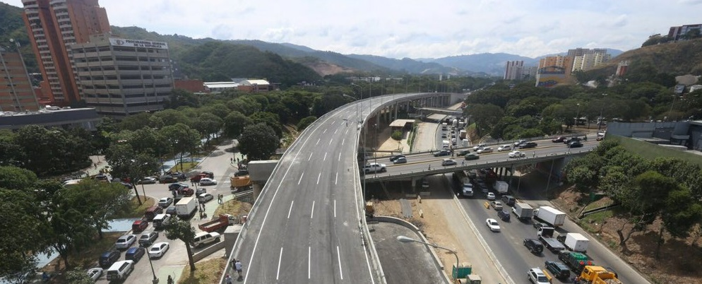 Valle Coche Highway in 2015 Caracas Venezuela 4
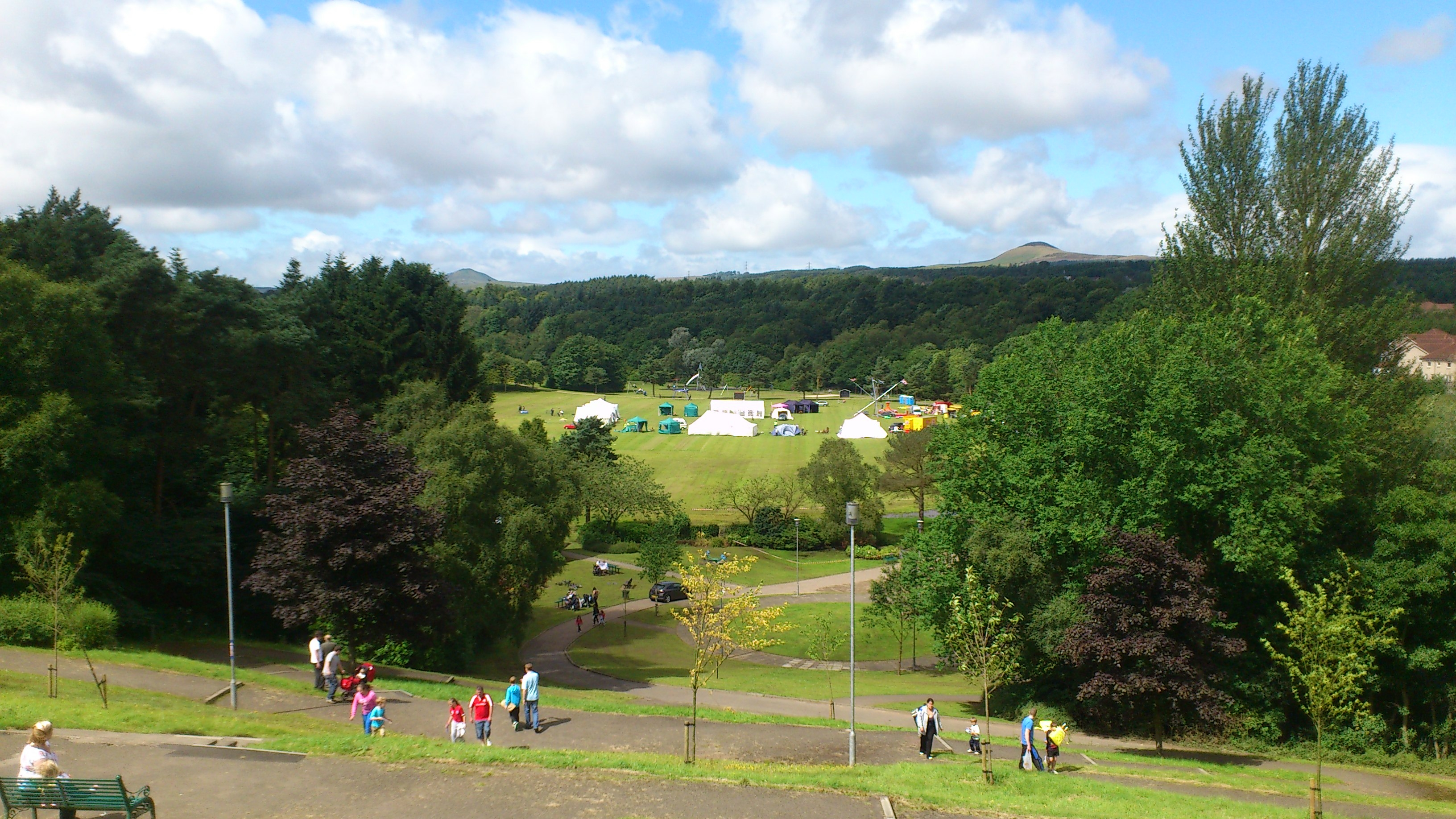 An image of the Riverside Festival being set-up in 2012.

...

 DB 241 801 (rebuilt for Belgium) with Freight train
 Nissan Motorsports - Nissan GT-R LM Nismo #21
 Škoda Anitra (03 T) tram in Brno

* * *

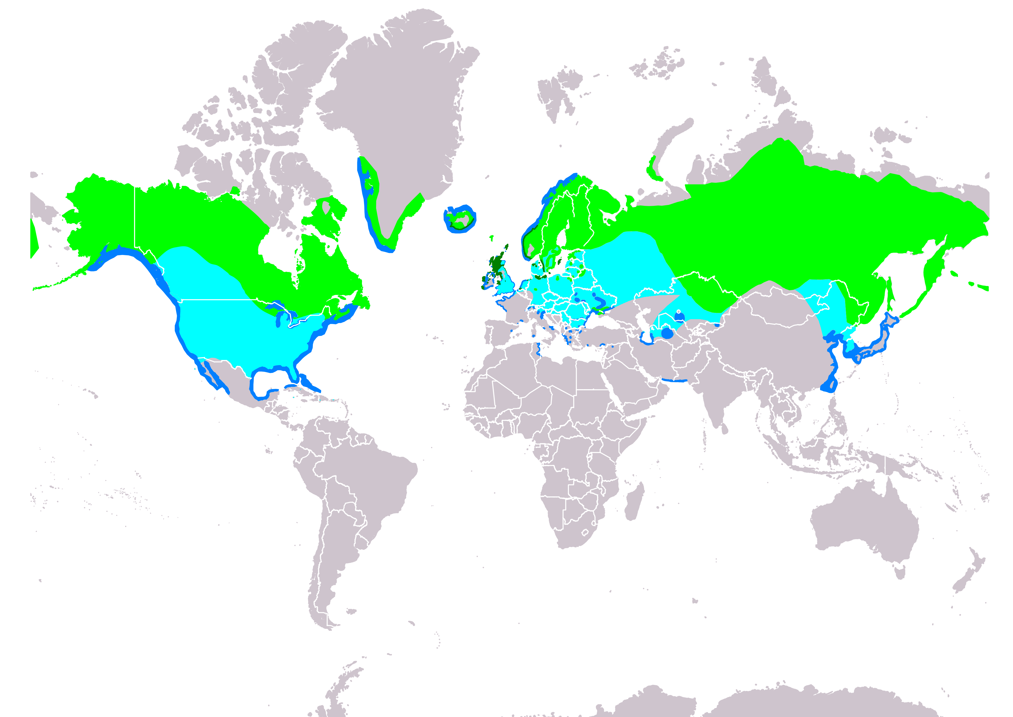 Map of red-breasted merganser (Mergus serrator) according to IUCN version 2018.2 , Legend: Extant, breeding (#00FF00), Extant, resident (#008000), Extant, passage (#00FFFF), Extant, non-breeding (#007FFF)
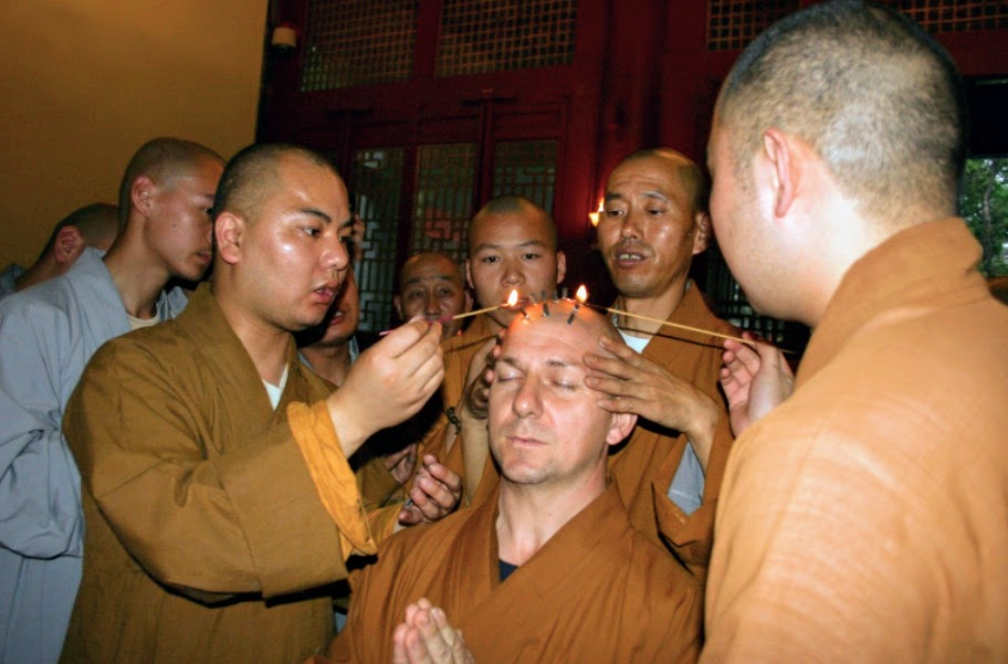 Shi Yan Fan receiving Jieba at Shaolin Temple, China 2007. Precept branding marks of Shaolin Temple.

- **What the task asks**
Within the material above, output exactly the lines from the one with "DB 241 801 (rebuilt" through the one with "Škoda Anitra (03 T) tram in Brno", end lines included, and nothing besides.

- **Written reply**
 DB 241 801 (rebuilt for Belgium) with Freight train
 Nissan Motorsports - Nissan GT-R LM Nismo #21
 Škoda Anitra (03 T) tram in Brno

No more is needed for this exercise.